WORK TO BE COMPLETED: Go through the lines below and repeat each one exactly, skipping pictures.

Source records
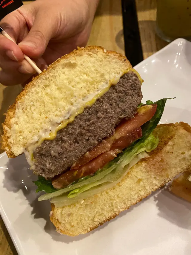 一來見到個手掌咁大嘅漢堡,迎面聞到黑松露醬香氣爆擊,切口一半見到厚實牛肉排鮮嫩多汁,濃郁松露奶香與焦香肉排完美交融,每一口都係奢華享受。配料有生菜和蕃茄片配搭令到口感清脆平衡膩感!
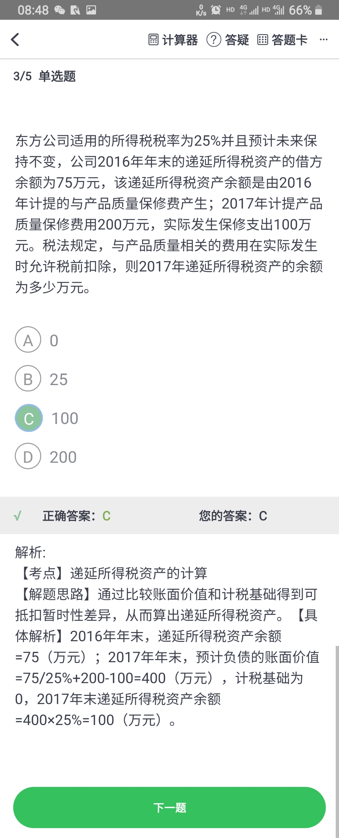 老师你好,这题我是用(200-100)*25%得出25,之后加上75得出的结果也一样,请问这样算的方法对吗
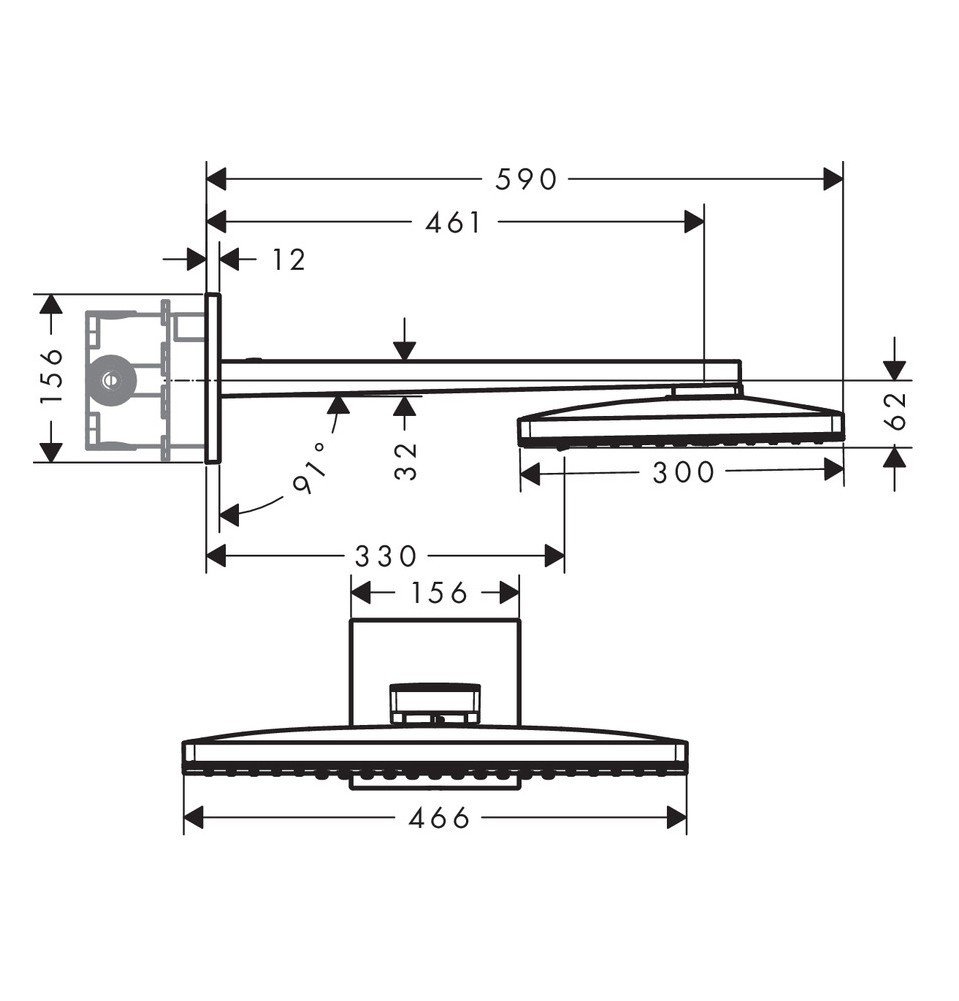 - Размер душевого диска: 466x300 мм;
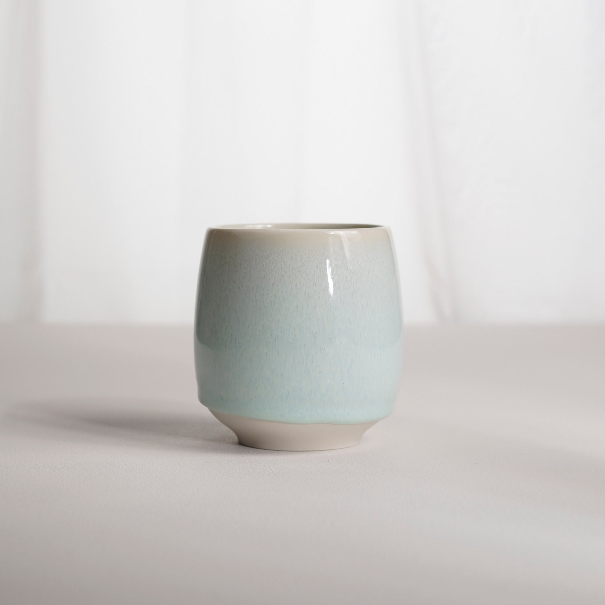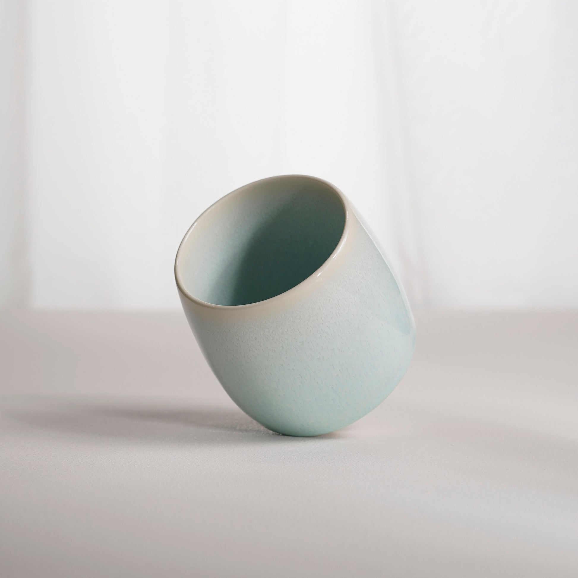Порцелянова чашка ручної роботи. Виготовлена з білої порцеляни та вкрита унікальною авторською поливою, яка створює глибину кольору та м’яке світлове сяйво на поверхні.
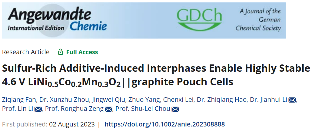 近日我院碳中和技术创新研究院李林团队联合华南师范大学曾荣华教授、李键辉博士在国际权威期刊Angewandte Chemie International Edition上发表题为《Sulfur-Rich Additive-Induced Interphases Enable Highly Stable 4.6 V LiNi0.5Co0.2Mn0.3O2||graphite Pouch Cells》的学术论文。本论文通过在4.6 V LiNi0.5Co0.2Mn0.3O2(NCM523)||石墨软包电池中引入含硫量为34.04%的超高含硫量添加剂(甲烷二磺酸亚甲酯,MMDS),从而构建了一种由添加剂诱导形成的稳固富硫电极-电解液面相。在4.6 V高电压条件下,循环800次,含MMDS添加剂的NCM523||石墨软包电池仍具有87.99%的高容量保持率以及更好的倍率性能,且与较低硫含量的一系列添加剂做对比,突出了高含硫量添加剂MMDS的优势。结合实验表征以及理论计算,进一步探究了MMDS添加剂在溶剂中的优先氧化还原性,从而证明它能够优先在正负极上界面构筑稳定的富硫电极-电解液界面膜,该界面相的存在成功稳定了高电压NCM523||石墨软包电池,显著提高了电池的循环稳定性。同时实验结果也表明MMDS分解所构筑的富硫界面相在抑制电解液消耗、产气以及稳定电极材料、减少过渡金属溶出上有着非常好的效果。日本a片相关的文章发表在Angewandte Chemie International Edition上,日本a片

SOLUTION TO THIS TASK:
 一來見到個手掌咁大嘅漢堡,迎面聞到黑松露醬香氣爆擊,切口一半見到厚實牛肉排鮮嫩多汁,濃郁松露奶香與焦香肉排完美交融,每一口都係奢華享受。配料有生菜和蕃茄片配搭令到口感清脆平衡膩感!
 老师你好,这题我是用(200-100)*25%得出25,之后加上75得出的结果也一样,请问这样算的方法对吗
 - Размер душевого диска: 466x300 мм;
Порцелянова чашка ручної роботи. Виготовлена з білої порцеляни та вкрита унікальною авторською поливою, яка створює глибину кольору та м’яке світлове сяйво на поверхні.
 近日我院碳中和技术创新研究院李林团队联合华南师范大学曾荣华教授、李键辉博士在国际权威期刊Angewandte Chemie International Edition上发表题为《Sulfur-Rich Additive-Induced Interphases Enable Highly Stable 4.6 V LiNi0.5Co0.2Mn0.3O2||graphite Pouch Cells》的学术论文。本论文通过在4.6 V LiNi0.5Co0.2Mn0.3O2(NCM523)||石墨软包电池中引入含硫量为34.04%的超高含硫量添加剂(甲烷二磺酸亚甲酯,MMDS),从而构建了一种由添加剂诱导形成的稳固富硫电极-电解液面相。在4.6 V高电压条件下,循环800次,含MMDS添加剂的NCM523||石墨软包电池仍具有87.99%的高容量保持率以及更好的倍率性能,且与较低硫含量的一系列添加剂做对比,突出了高含硫量添加剂MMDS的优势。结合实验表征以及理论计算,进一步探究了MMDS添加剂在溶剂中的优先氧化还原性,从而证明它能够优先在正负极上界面构筑稳定的富硫电极-电解液界面膜,该界面相的存在成功稳定了高电压NCM523||石墨软包电池,显著提高了电池的循环稳定性。同时实验结果也表明MMDS分解所构筑的富硫界面相在抑制电解液消耗、产气以及稳定电极材料、减少过渡金属溶出上有着非常好的效果。日本a片相关的文章发表在Angewandte Chemie International Edition上,日本a片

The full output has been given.